»»

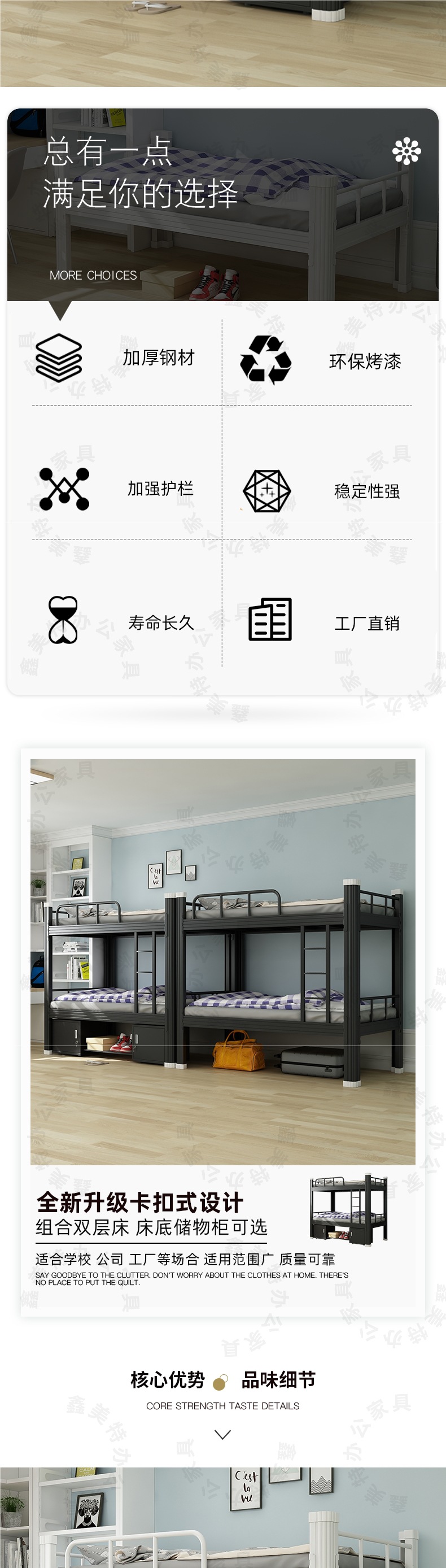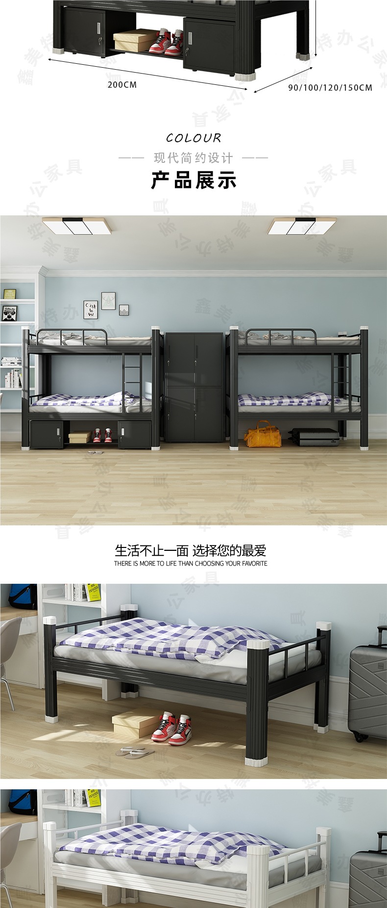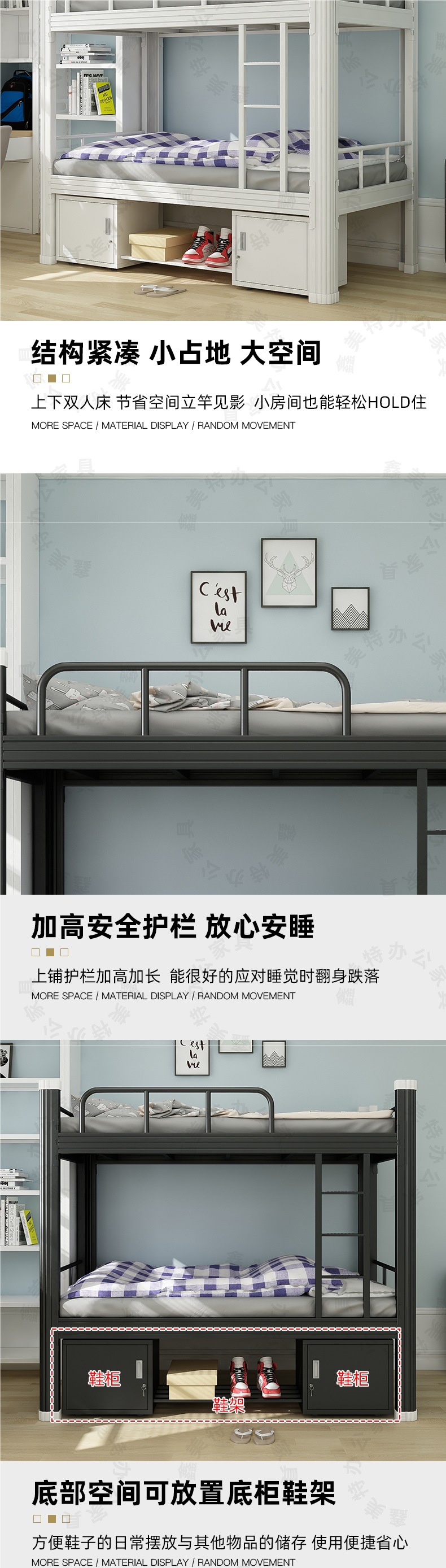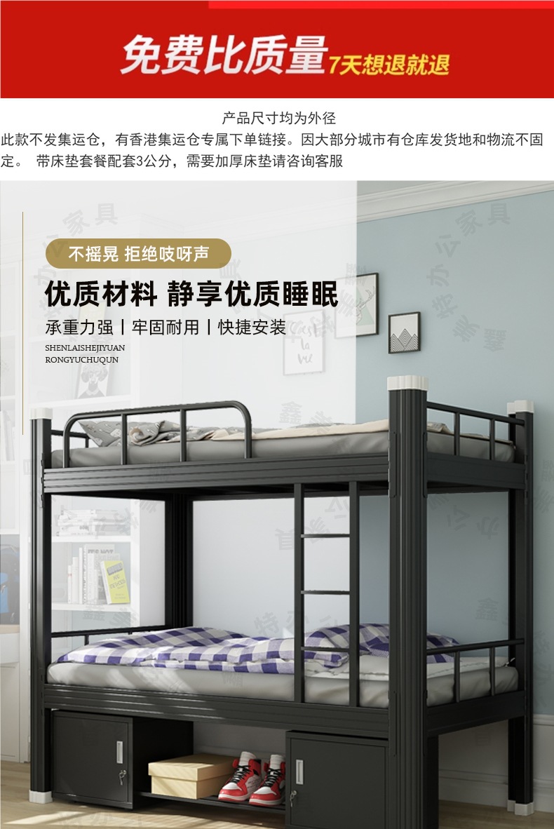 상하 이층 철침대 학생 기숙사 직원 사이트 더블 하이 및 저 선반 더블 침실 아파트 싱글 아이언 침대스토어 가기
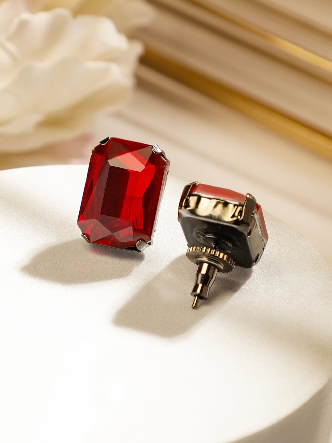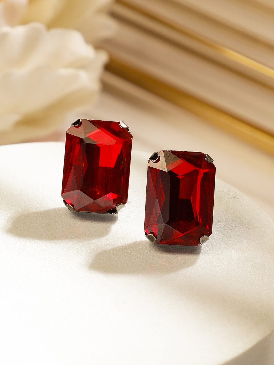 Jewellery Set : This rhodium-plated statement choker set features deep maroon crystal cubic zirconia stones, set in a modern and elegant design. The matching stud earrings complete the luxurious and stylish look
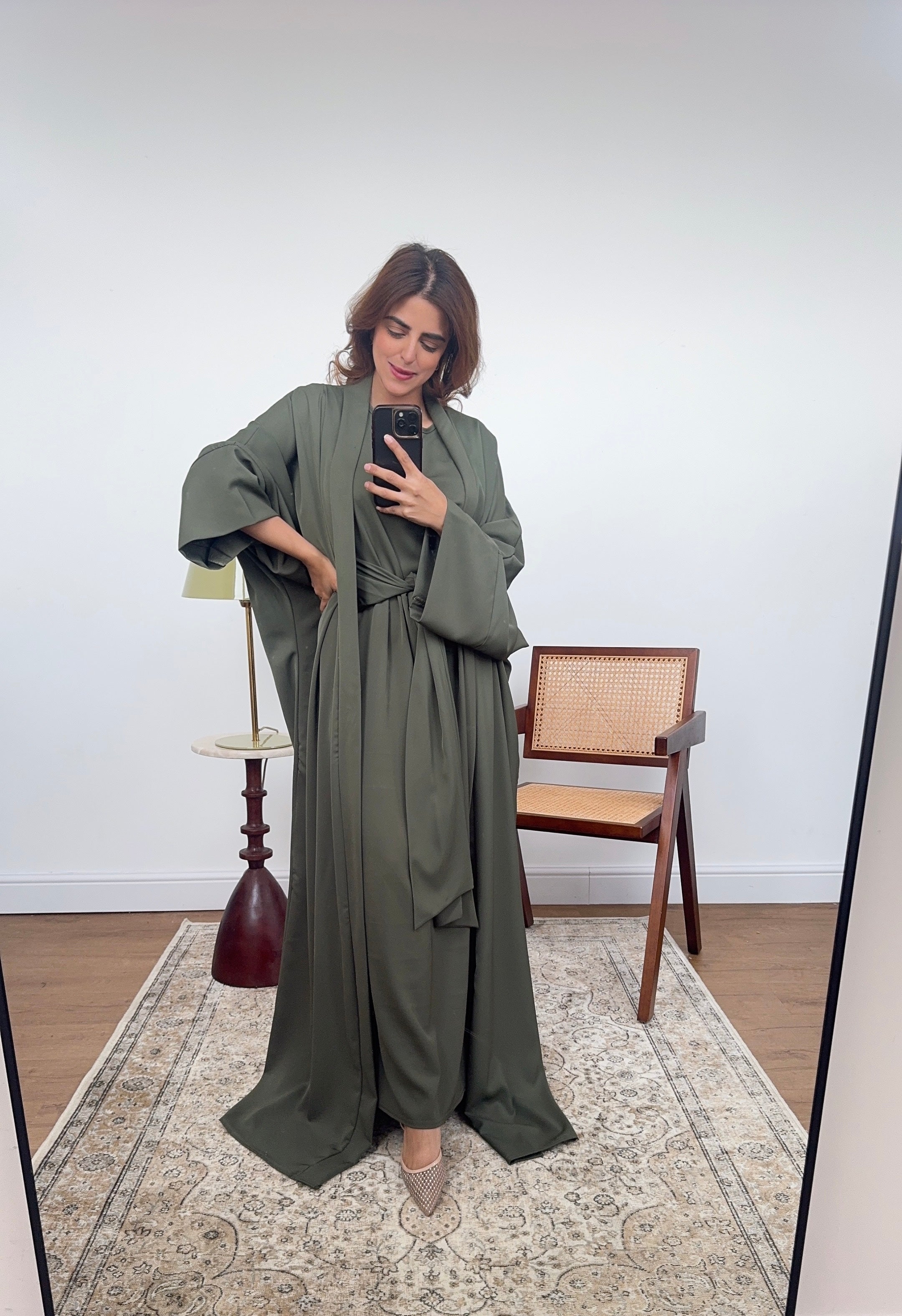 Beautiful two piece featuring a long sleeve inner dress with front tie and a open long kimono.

««

## Exercise instructions
Everything in the listing above must be restated word for word, except the images.

## Answer space
 상하 이층 철침대 학생 기숙사 직원 사이트 더블 하이 및 저 선반 더블 침실 아파트 싱글 아이언 침대스토어 가기
 Jewellery Set : This rhodium-plated statement choker set features deep maroon crystal cubic zirconia stones, set in a modern and elegant design. The matching stud earrings complete the luxurious and stylish look
 Beautiful two piece featuring a long sleeve inner dress with front tie and a open long kimono.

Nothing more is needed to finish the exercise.